(Records shown Opens)

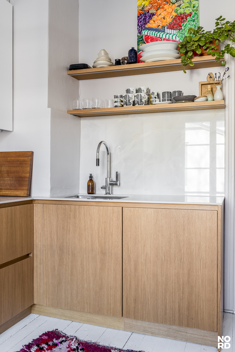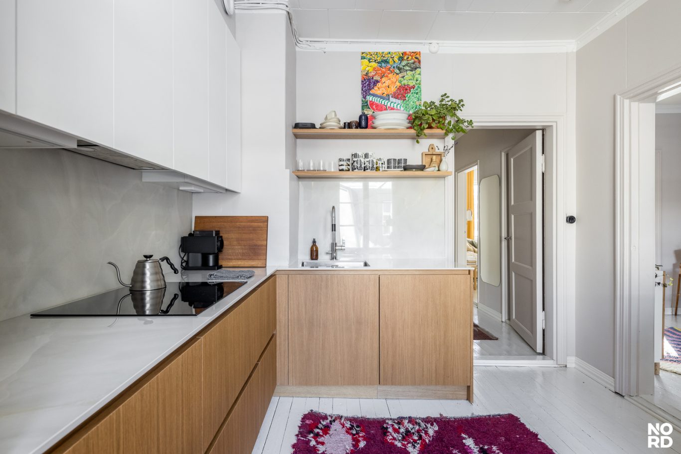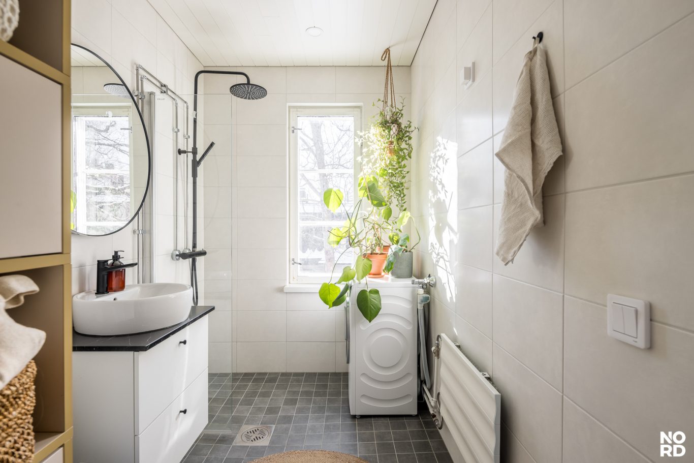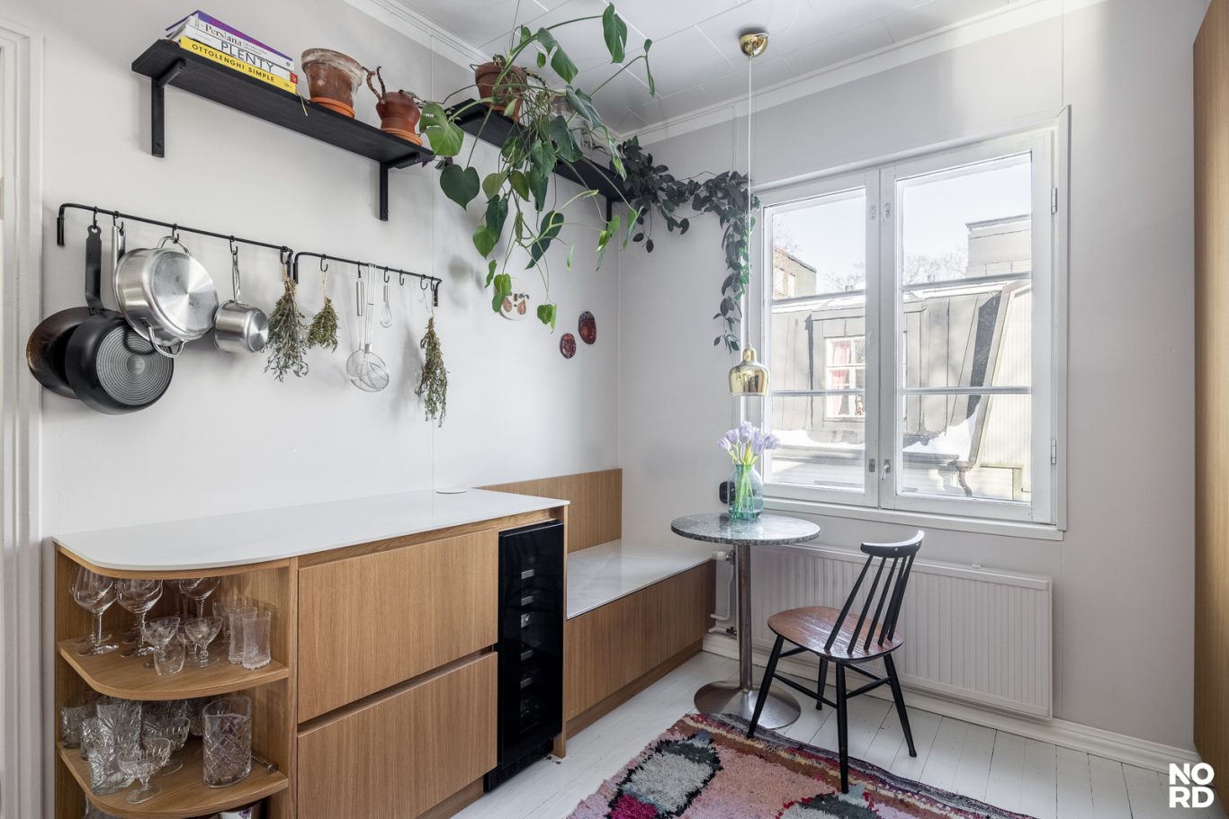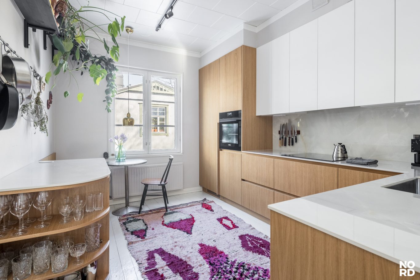 Arkkenilta mittatilaustyönä 2024 teetetty keittiö on varustettu laadukkain, integroiduin kodinkonein ja keraamisin tasoin. Tässä keittiössä yhdistyvät huolellisesti valituttujen materiaalien ja ajattoman designin lisäksi käytännöllisyys. Kaunis aamiaisnurkkaus on keittiön sydän, jossa arki alkaa kiireettömästi. Makuuhuone sijaitsee sisäpihan suojassa ja se on juuri sopivan kokoinen, parisängyn lisäksi sinne sopii esimerkiksi työpiste. Kokonaisuuden kruunaa mukavankokoinen hiljattain täydellisesti päivitetty kylpyhuone, johon valoa tuo ikkuna.
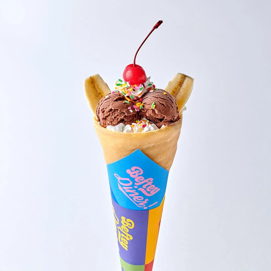 ウシくんの念願叶い実現した角クレープは、2つのチョコアイスから2本のバナナホーンが生えた特製クレープ。ほかにも、生クリームとチョコソース、さくらんぼがトッピングされ、ちょっとレトロな「BEFTEY DINER」の味が楽しめる一品です。
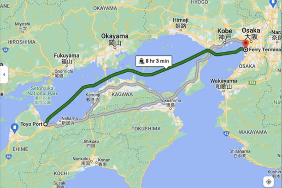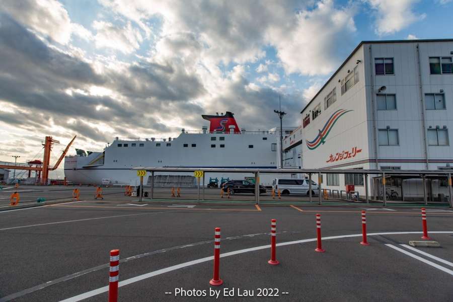 Orange Ferry's Kansai route only travels between Ehime and Osaka and leaves at 10 pm with boarding beginning at 8 pm. The ferry arrives in Osaka at 6 am the next day. As a result, it is similar to an overnight coach bus or train, but on water.
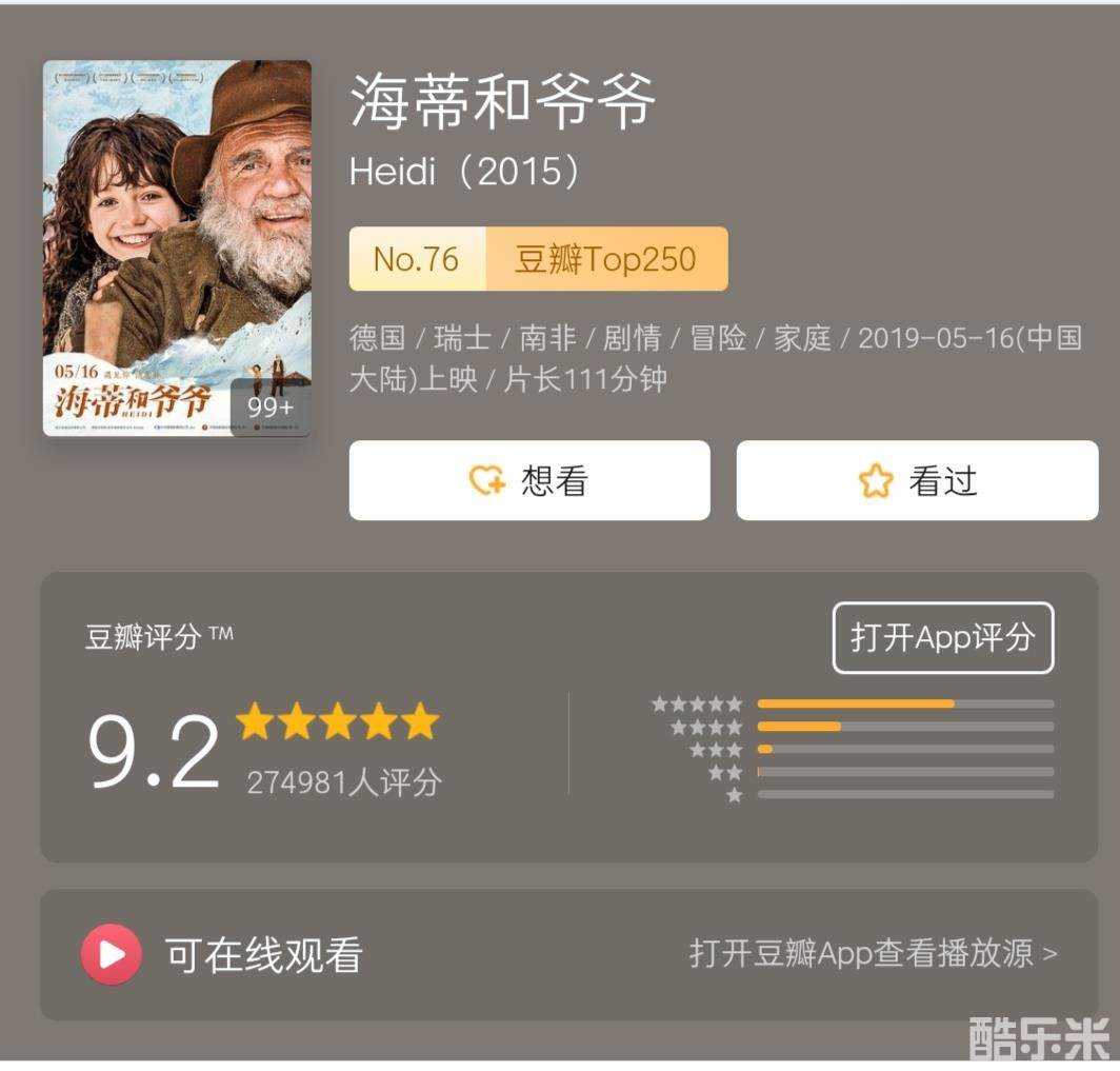 7.电影《海蒂和爷爷》豆瓣评分9.2分 德国超治愈家庭片
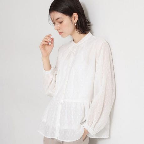 シフォンジャカード素材を比翼のバンドカラーで仕上げたブラウス。

(Records shown Closes)

* **Exercise**
Set down exactly the lines between the one with "Orange Ferry's Kansai" and the last line of the material above, both included, but none of the pictures.

* **Exercise solution**
 Orange Ferry's Kansai route only travels between Ehime and Osaka and leaves at 10 pm with boarding beginning at 8 pm. The ferry arrives in Osaka at 6 am the next day. As a result, it is similar to an overnight coach bus or train, but on water.
 7.电影《海蒂和爷爷》豆瓣评分9.2分 德国超治愈家庭片
 シフォンジャカード素材を比翼のバンドカラーで仕上げたブラウス。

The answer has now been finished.